● **SUPPLIED MATERIAL**
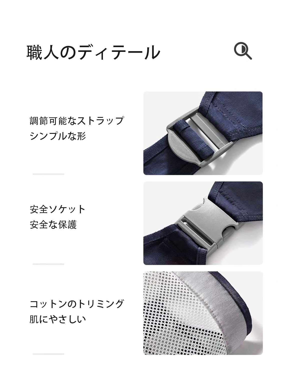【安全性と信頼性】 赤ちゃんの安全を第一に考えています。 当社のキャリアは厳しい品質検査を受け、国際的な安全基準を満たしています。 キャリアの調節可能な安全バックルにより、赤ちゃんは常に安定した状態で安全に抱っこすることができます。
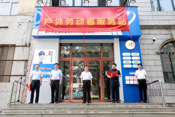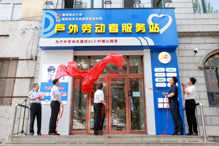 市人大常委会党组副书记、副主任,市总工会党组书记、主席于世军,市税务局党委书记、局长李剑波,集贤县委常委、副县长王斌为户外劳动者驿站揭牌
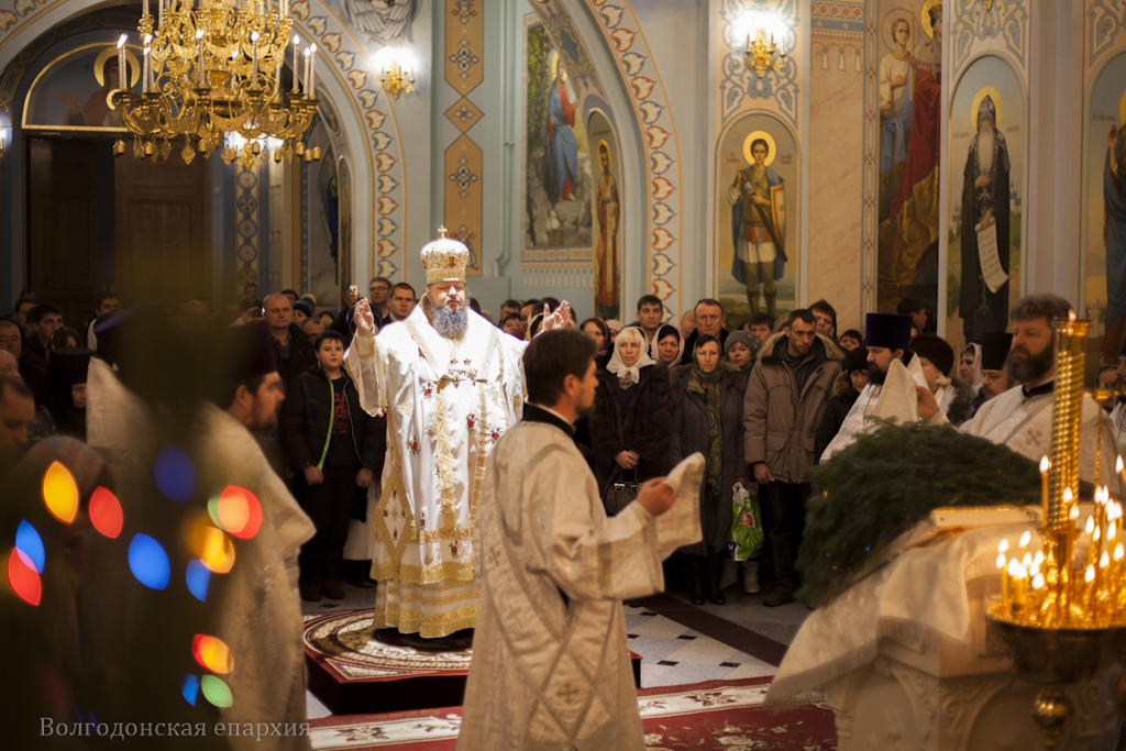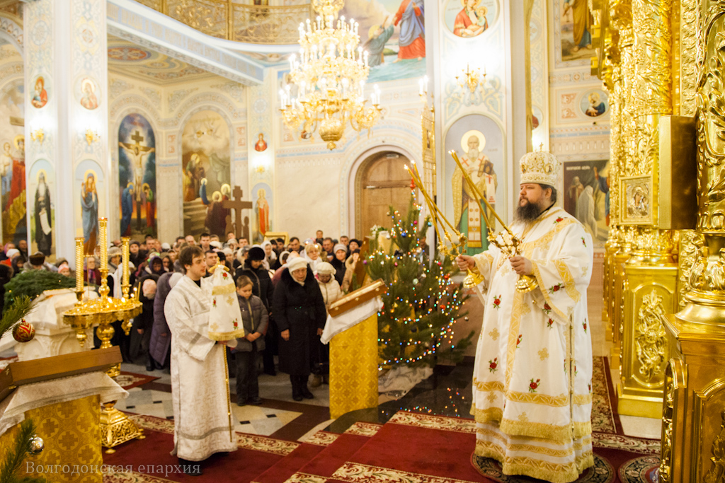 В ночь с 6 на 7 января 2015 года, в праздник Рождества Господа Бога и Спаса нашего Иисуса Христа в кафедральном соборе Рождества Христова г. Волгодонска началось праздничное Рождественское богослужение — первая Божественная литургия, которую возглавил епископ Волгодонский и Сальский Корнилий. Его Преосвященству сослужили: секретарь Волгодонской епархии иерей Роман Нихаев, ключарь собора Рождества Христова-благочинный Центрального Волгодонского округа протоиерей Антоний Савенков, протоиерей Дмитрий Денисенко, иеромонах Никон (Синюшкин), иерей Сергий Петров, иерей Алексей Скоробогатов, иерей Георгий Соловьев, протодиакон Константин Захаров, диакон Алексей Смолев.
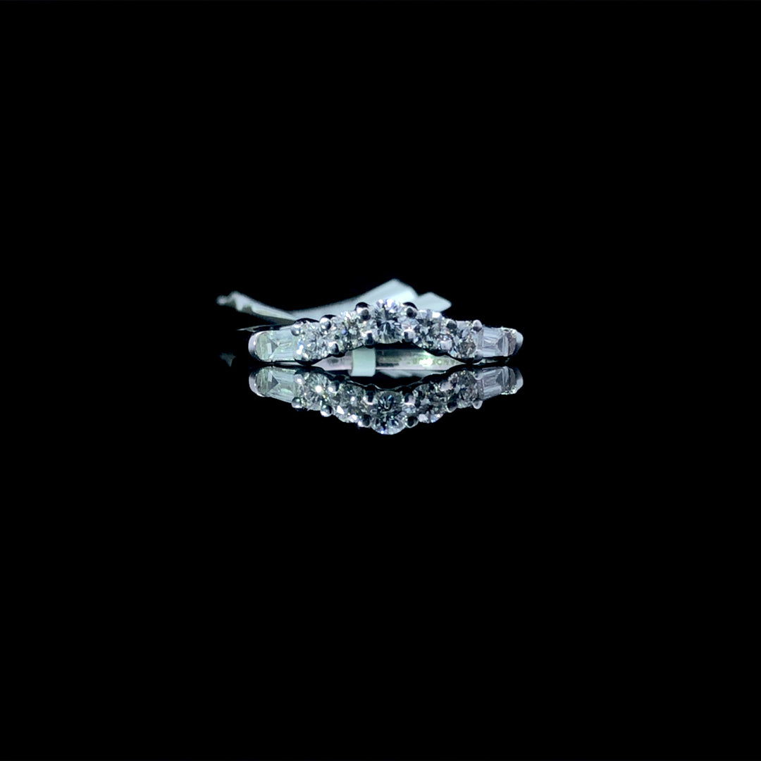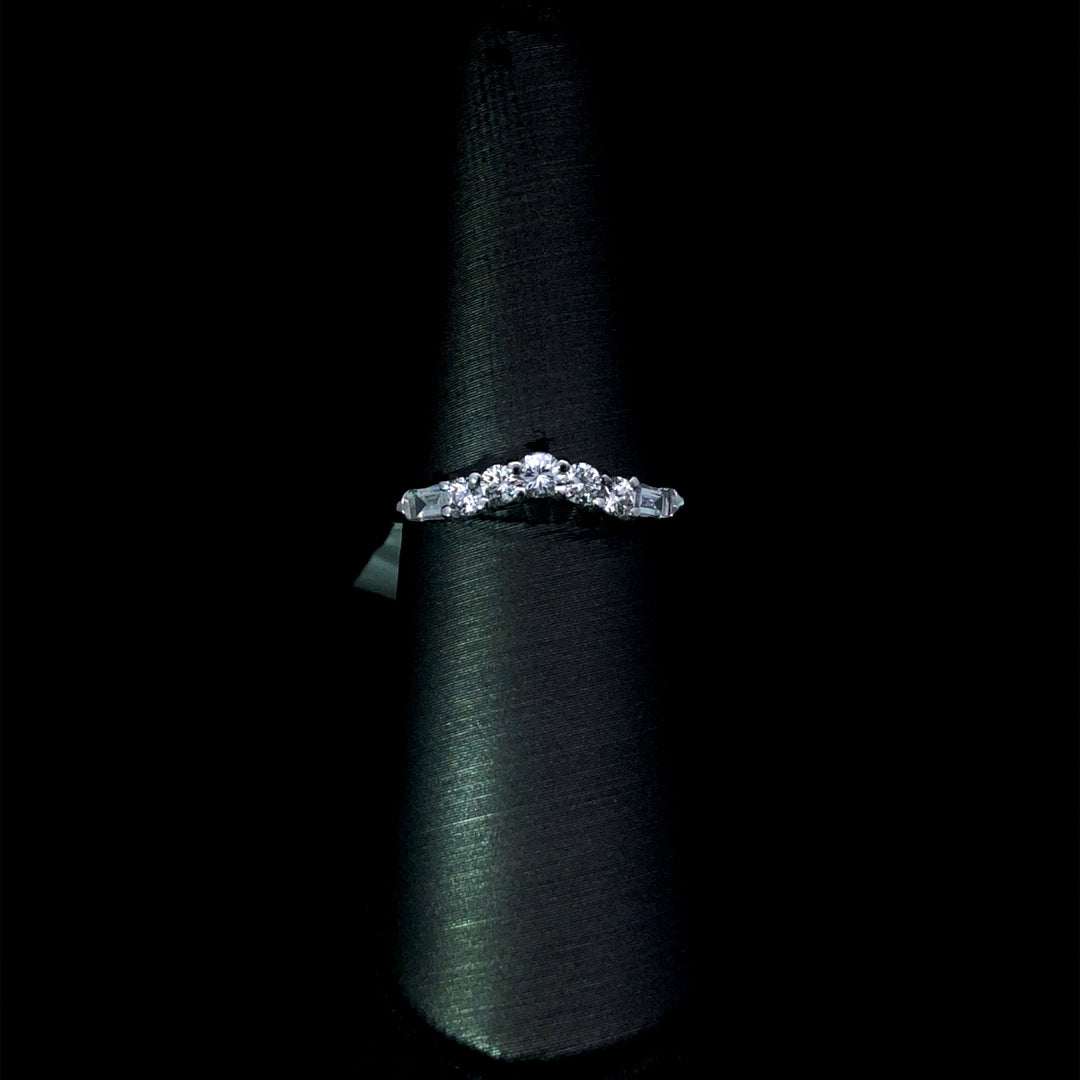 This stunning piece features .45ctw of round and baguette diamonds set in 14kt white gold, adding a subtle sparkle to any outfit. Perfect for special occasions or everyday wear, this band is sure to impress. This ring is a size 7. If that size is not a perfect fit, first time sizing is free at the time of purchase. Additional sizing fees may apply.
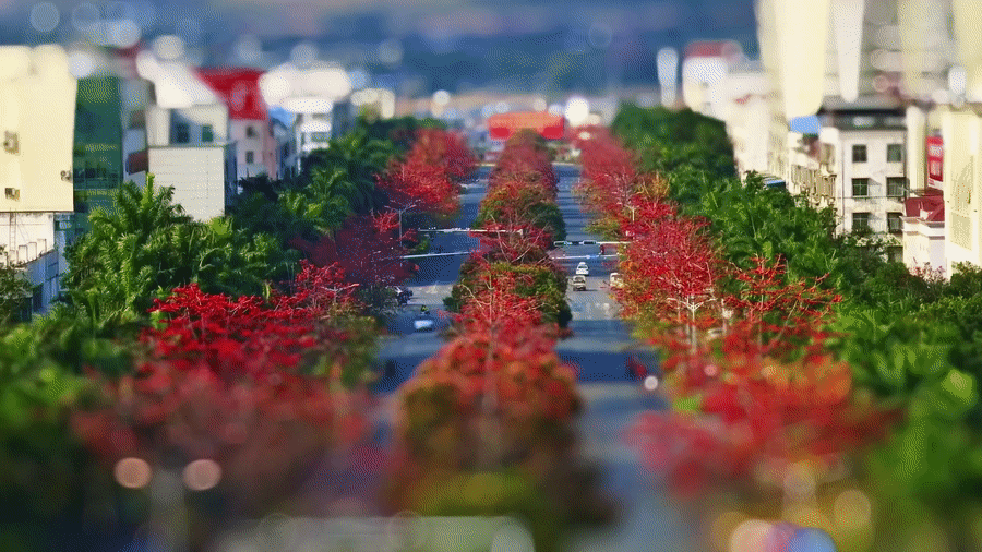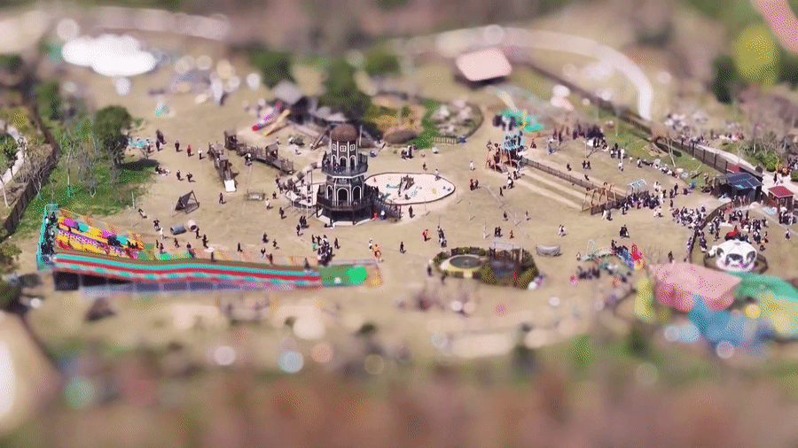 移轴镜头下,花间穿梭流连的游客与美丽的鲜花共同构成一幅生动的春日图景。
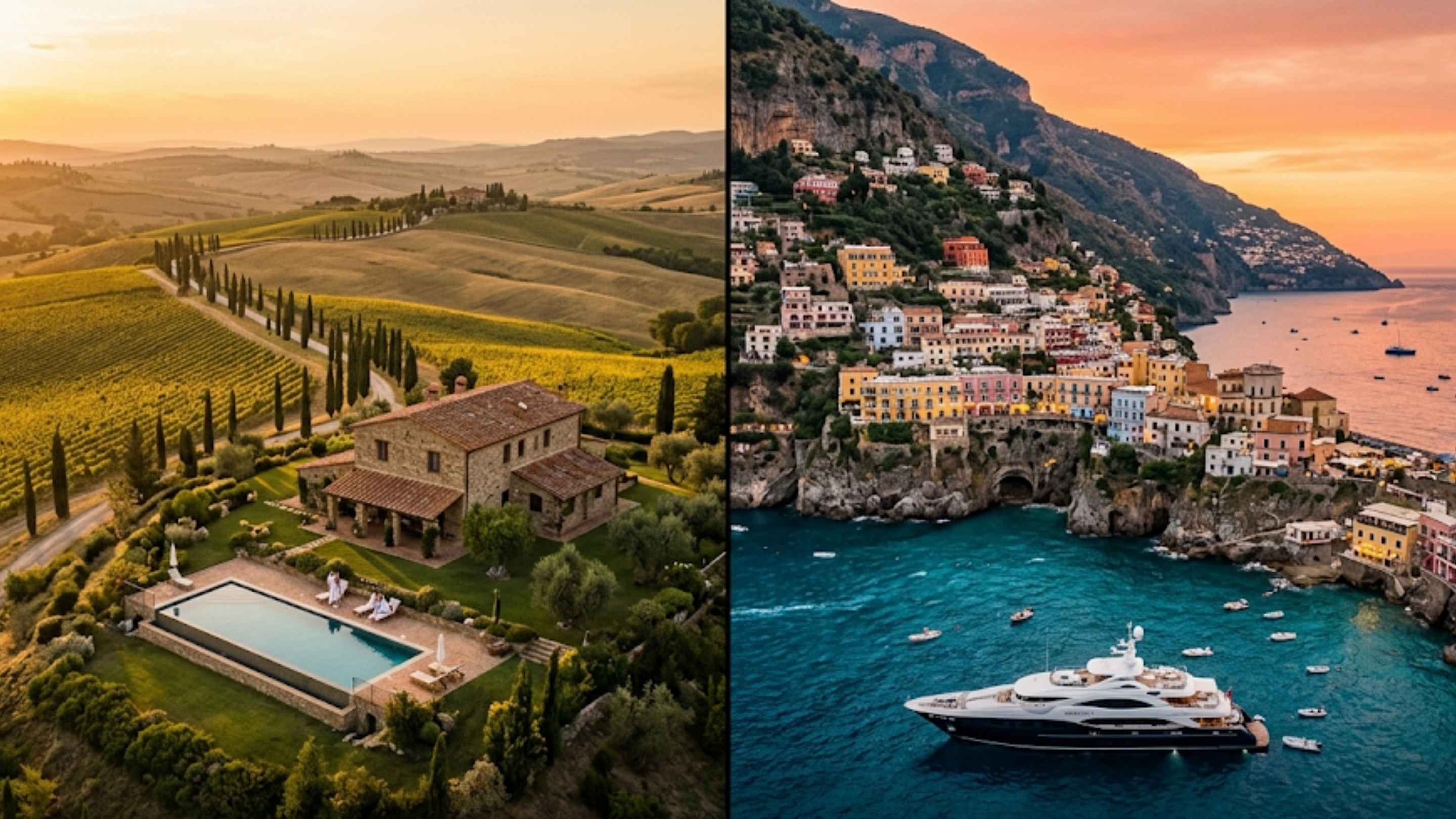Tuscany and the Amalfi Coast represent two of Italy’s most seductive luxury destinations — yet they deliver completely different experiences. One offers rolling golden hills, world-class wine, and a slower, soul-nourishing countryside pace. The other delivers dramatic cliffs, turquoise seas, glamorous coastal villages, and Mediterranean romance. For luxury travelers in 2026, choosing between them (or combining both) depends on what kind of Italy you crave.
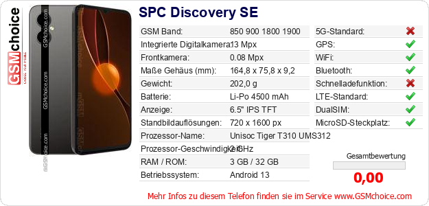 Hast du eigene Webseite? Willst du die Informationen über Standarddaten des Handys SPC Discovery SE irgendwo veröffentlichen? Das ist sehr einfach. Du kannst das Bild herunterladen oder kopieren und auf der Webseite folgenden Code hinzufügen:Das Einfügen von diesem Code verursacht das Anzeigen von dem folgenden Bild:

● **THE PROBLEM**
Your answer must be the lines from the opening line of the entries through the line holding "市人大常委会党组副书记、副主", written out exactly and without any picture.

● **RESULT**
【安全性と信頼性】 赤ちゃんの安全を第一に考えています。 当社のキャリアは厳しい品質検査を受け、国際的な安全基準を満たしています。 キャリアの調節可能な安全バックルにより、赤ちゃんは常に安定した状態で安全に抱っこすることができます。
 市人大常委会党组副书记、副主任,市总工会党组书记、主席于世军,市税务局党委书记、局长李剑波,集贤县委常委、副县长王斌为户外劳动者驿站揭牌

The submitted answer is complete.